Saltlake used space wrong calculation on dashboard that can affect payout calculation... again

zeebo · May 30, 2020, 6:41pm

I’m sorry about all the confusion about payments. Getting this right is very important to building a healthy relationship with node operators and so I’m going to try my best to explain what’s going on and how we’re working to fix it. I’ll try to explain the problem that we’re trying to solve, the current architecture we’re using to solve it, the problems with the implementation, our current workarounds for those problems, and finally things we’re doing in the future to fix the architecture.

To start, the problem we’re trying to solve is compensating storage node operators for the amount of space and bandwidth they are using in a way such that they cannot cheat and get extra, while ensuring that they are incentivized to stay online to maximize their earnings. For example, because a single bad actor could sign up and exploit any issues with this accounting, we can’t do the obvious and simple thing like just have the nodes report the amounts they earned and trust it.

Next, I’ll describe how we’re solving the problem. Bandwidth and storage accounting are two separate systems. I’ll start by explaining storage accounting. Each satellite contains a large database with an entry for each file stored in the network. That entry contains which storage nodes are storing the data and how much data is on each node. Since we pay for byte*hours of data stored on the network, we periodically walk the entire database and try to get an estimate of how much storage is used on that node at that instant in time, and then multiply that by the number of hours since the last full walk. Bandwidth accounting is done during an upload or download operation initiated by an uplink. The satellite returns a list of nodes for the operation as well as signed order limits. These order limits contain which node it is for, the type of operation, etc. The uplink then signs the amount of bandwidth it uses with the order limit and provides that to the nodes. Eventually, the nodes submit these order limits back to the satellite. A process then batches up these order limits, removes any that have already been processed before, and increments counters for the nodes for how much bandwidth they’ve used.
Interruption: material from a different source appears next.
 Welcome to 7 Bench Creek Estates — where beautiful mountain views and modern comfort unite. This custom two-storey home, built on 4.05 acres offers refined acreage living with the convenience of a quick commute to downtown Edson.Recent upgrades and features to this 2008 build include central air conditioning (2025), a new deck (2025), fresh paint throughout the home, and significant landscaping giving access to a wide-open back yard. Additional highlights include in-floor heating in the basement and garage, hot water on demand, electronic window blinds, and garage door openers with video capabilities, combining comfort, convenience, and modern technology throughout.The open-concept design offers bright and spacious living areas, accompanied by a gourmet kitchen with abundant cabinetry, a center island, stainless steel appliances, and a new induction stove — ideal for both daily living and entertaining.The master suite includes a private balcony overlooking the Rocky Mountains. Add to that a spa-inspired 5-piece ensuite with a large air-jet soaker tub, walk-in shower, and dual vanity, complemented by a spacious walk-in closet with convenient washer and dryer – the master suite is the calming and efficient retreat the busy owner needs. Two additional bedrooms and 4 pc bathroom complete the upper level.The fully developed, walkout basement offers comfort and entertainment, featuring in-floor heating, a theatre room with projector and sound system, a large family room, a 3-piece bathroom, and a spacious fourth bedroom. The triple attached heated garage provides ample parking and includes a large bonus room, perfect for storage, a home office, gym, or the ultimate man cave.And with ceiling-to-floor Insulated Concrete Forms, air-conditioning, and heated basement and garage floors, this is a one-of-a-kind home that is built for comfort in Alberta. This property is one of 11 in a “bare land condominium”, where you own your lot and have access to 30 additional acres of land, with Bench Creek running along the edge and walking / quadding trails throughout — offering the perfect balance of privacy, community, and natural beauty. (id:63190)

Next, the problems with our implementation. Fundamentally, they both come down to scaling the database to be fast enough. For example, if it takes over 24 hours to look at every file in the database, you won’t have any entries for how many byte hours have been used for that day. This explains the spikyness in those graphs: the amount of time it takes to walk the database and when that happens will cause the data points to have more or less byte*hours, but it will be correct on average because we look at how long it was since the last walk, rather than expect it to happen on a tight schedule. And for the bandwidth, if we cannot consume the queue faster than entries are being added to it, we’ll have an increasing backlog of entries forever. That’s what’s been happening.

Our current workarounds involve tuning the database and queries used in these systems to be as fast as possible, tuning the sizes of the batches we operate on, etc. Some of the tuning takes longer to perform, such as changing where and how the database is hosted. Because changing where it is hosted is a large risky thing to do, and as long as we don’t lose the submitted orders, they will be paid out eventually, we’ve waited to do it until other less risky measures were explored. We’ve recently switched how it is hosted for the saltlake satellite, and with some final tuning to the query and batch sizes, I expect we’ll be able to get though the (substantial) backlog quickly.
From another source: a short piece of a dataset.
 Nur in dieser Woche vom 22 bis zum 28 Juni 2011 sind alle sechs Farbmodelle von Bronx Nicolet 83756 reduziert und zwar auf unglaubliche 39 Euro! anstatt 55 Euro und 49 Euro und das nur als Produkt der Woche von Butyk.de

As for why you see no bandwidth instead of a slow but low trickle of bandwidth is due to an unforseen detail of the way the orders are consumed. Because we may eventually use CockroachDB for this database, to aid in the transition, the schema was designed with CockroachDB in mind. Specifically, because it is built on RocksDB, it has a feature called “prefix compression”. That means that if you have a primary key for some row such that prefixes of the primary key are often the same, you get space savings. And so the schema places the node id at the start of the primary key so that they are compressed “for free”. Unfortunately, this has the side effect of making it so that nodes with earlier ids are processed first, and if the queue is growing faster than we can consume it, they end up being the only ones processed.

Finally, as for what we’re doing to fix this in the future, we’re designing and building a way of avoiding double spends by keeping track of which orders have been spent inside of a Sparse Merkle Tree. The blueprint is at https://review.dev.storj.io/c/storj/storj/+/1732. This will allow us to avoid doing more than a single read/write to the database when processing a batch of orders and will allow us to avoid storing more than a single hash to prevent double spends. Currently, our database in terms of size (and probably IOPS) is 99% handling the orders, so it is expected to be a massive win and will prevent issues like this from ever happening again. Additionally, I’m going to be adding metrics in to the system that will allow us to easily ensure we’re making speedy progress on these critical systems.

I hope the above explanation helps provide more context for the issue and helps regain some of the trust that has been lost. I’m working over this weekend to get all of the backlog orders processed for this next billing cycle, and will do whatever it takes to make sure that happens.

Thanks.